Indeed, OEMs can create a normal user account for the clients to use, but more often than not they don’t. OEMs take the route with least minimum effort needed to minimize time spent on setting the systems up, and you should know this.
So yes, OEMs can do that. I doubt they will however. And you must still admit that it’s silly if OEMs have to fix the issue which Microsoft is unwilling to (ie. default account should be limited user)
There’s also a “principle of least surprise” here. Many users would have no idea what was going on, if their computer started telling them they’re “not authorized to do X as the current, non-administrator user,” and asking them for a password. Crazy as it sounds, some might think that the OEM is trying to not give them control of the machine they bought, and that customer may not patronize that OEM again.
My brother’s like that: he interprets password dialogs as “machines challenging his authority and ownership.” He turns off passwords and log-ins whenever he can. And OEMs want people like him as a customer just as much as they want people who actually understand how computer security works. They need to ship machines whose default configurations are usable to people like my brother, as well as… more grounded users. (And education’s not going to work: my brother wants his computer to conform to his requirements, not the other way around).
OEM’s install Windows to a point, however Windows is also available retail so a joe blogs user purchasing the software will still be stuck in the catch 22 of installing the os with a default user of administrator.
As others have said Windows should prompt you to create a limited or perhaps rephrase this for the general public to standard account, as the word limited does not have a positive spin to it, when you are a home user, the last thing you want is your computer limited. (i know the term limited is being used in the subtext of limited access)
Windows security has long been a problem, Microsoft should be more proactive, im still surprised they hamstringed UAC so much, there was a bit of an grumble at the beginning but most home users got past that and now work fine with the UAC enabled in Vista.
Except that the default user created in Windows is an Administrator. This is default behaviour in XP, Vista and Windows 7. And an extremely stupid decision made by Microsoft.

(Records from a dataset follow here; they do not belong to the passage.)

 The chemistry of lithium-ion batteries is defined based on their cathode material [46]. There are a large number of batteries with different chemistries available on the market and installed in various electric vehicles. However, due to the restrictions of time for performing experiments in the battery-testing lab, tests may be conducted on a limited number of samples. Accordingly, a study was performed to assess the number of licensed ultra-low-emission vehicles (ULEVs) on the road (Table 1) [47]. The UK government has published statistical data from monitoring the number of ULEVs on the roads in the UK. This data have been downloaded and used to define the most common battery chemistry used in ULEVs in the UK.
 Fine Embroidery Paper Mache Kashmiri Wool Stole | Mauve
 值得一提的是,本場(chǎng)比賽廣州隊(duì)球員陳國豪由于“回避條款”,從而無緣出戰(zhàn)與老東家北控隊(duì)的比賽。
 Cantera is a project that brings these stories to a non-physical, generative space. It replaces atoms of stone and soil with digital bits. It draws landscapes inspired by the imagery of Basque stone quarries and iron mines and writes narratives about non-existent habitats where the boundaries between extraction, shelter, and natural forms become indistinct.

And running as limited user is not a solution, but merely a workaround. Though of course, the wiser solution is always to run as limited user (in win2k3 known as ‘standard user’).

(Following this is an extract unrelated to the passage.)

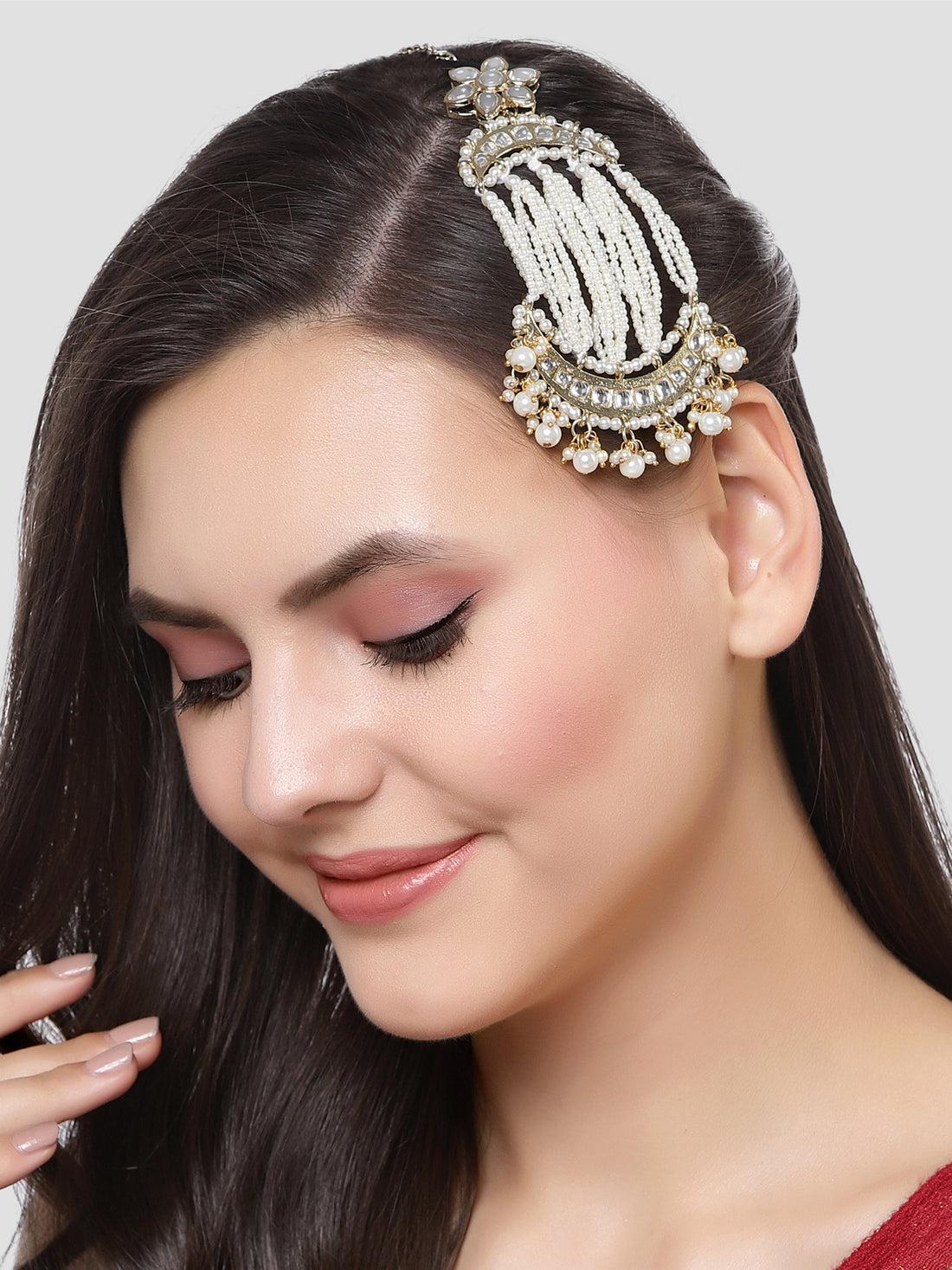 Karatcart Gold Plated Pearl Beads Studded Moon Design Kundan Passa for Women

In the mean time, if you have to run as Administrator, run at highest security level, even if UAC is annoying (which it is).
OSX’s default user is admin, last I checked (Panther). Did they change that in Tiger or Leopard? If not, then is it really “extremely stupid”? If both Apple and Microsoft, and Ubuntu (according to google_ninja) all do the same thing, then there must be a good reason for it.
It’s not a “root” admin, the only thing that makes it different from a regular user is the ability to manage other users and system settings. This ability is not implicit – you still have to enter your credentials before performing most any administrative task.
Edited 2009-06-23 06:37 UTC
Actually, Ubuntu is a rootless distribution. You can acquire extra privileges with sudo, but it does require entering a password. Similar is true for OS X. But yes, autoelevation is extremely stupid.
And no, just because several entities do the same thing, doesn’t mean there’s a good reason for it. In this case however, there isn’t several entitites doing the same thing. Just Microsoft being silly.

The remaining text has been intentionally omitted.